§ **EXERCISE INSTRUCTIONS**:
In the material below, the lines between the one holding "Christiane Taubira est" and the one holding "今天夜间到明天白天,贵州省阴天有阵雨或雷雨,南部局地有中雨;", inclusive, are to be set down word for word. Pictures stay out.

___ SOURCE RECORDS

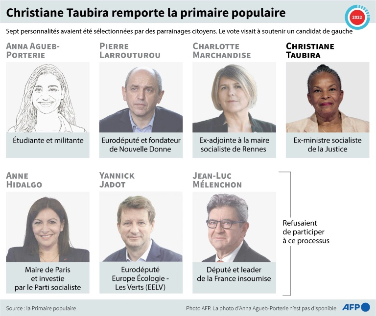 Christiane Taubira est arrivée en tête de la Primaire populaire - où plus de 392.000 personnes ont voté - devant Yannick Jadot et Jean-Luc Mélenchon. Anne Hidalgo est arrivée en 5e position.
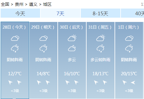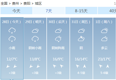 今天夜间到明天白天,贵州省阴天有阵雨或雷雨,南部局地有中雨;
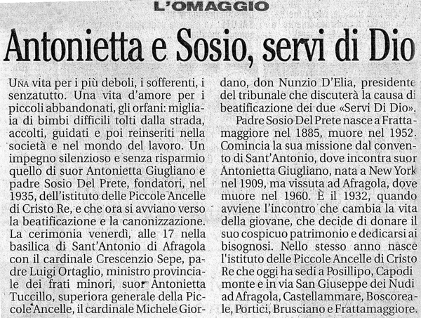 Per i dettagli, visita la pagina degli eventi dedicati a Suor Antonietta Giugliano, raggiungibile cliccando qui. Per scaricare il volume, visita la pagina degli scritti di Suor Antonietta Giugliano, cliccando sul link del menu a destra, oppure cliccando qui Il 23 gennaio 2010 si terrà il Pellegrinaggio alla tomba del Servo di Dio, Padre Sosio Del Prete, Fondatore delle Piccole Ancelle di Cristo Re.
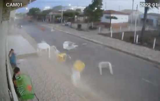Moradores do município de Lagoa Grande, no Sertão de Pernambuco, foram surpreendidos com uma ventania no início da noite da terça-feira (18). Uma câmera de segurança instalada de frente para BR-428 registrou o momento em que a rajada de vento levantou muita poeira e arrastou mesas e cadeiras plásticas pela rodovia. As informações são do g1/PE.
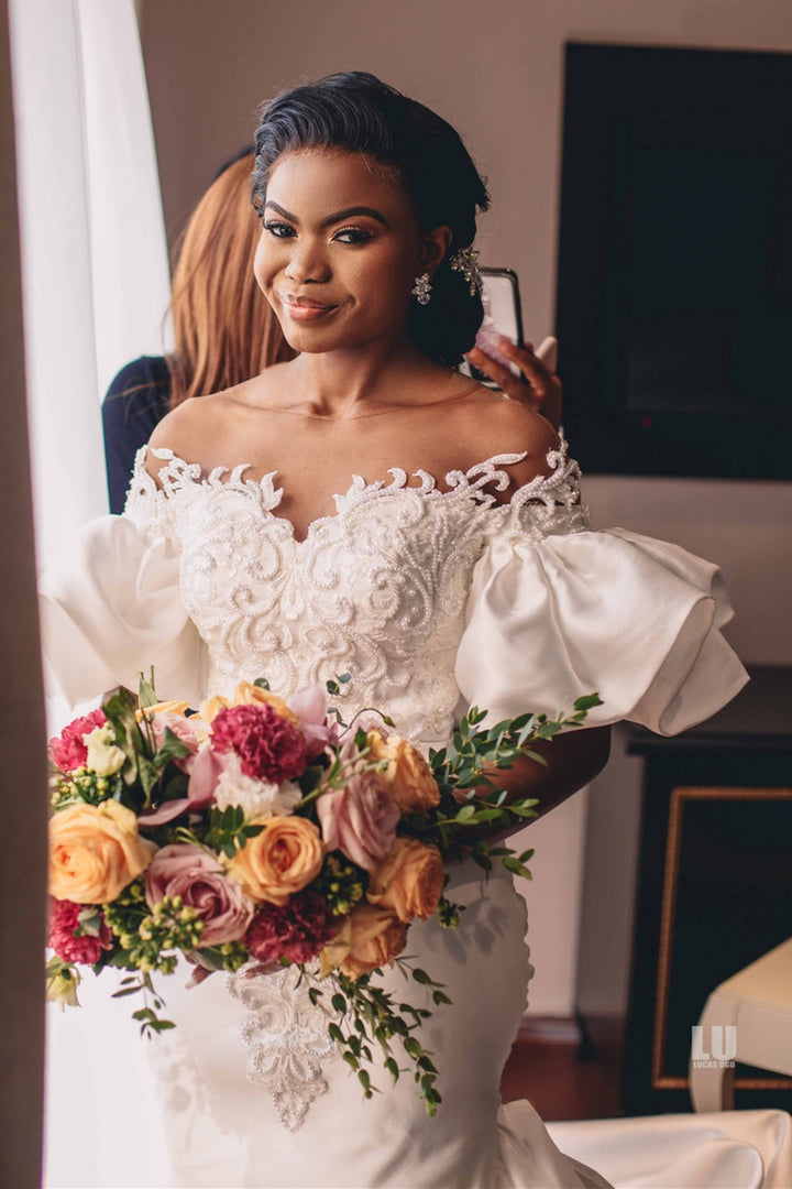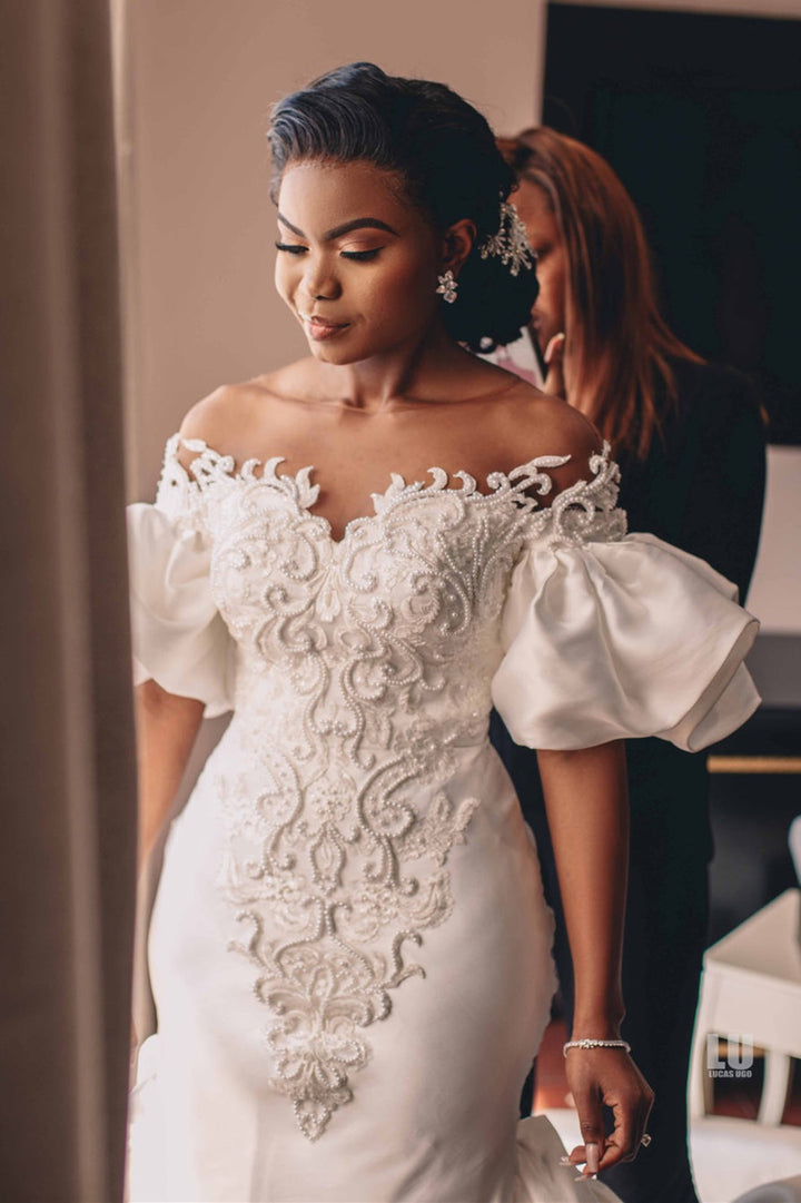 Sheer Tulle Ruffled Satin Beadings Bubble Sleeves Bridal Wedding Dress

______
___ SOURCE RECORDS

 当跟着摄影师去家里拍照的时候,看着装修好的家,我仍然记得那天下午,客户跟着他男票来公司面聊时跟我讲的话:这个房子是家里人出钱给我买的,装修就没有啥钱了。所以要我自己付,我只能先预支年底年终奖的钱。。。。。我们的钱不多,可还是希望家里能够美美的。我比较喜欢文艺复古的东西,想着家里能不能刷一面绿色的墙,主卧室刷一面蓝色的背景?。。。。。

______

§ **EXPECTED ANSWER**:
 Christiane Taubira est arrivée en tête de la Primaire populaire - où plus de 392.000 personnes ont voté - devant Yannick Jadot et Jean-Luc Mélenchon. Anne Hidalgo est arrivée en 5e position.
 今天夜间到明天白天,贵州省阴天有阵雨或雷雨,南部局地有中雨;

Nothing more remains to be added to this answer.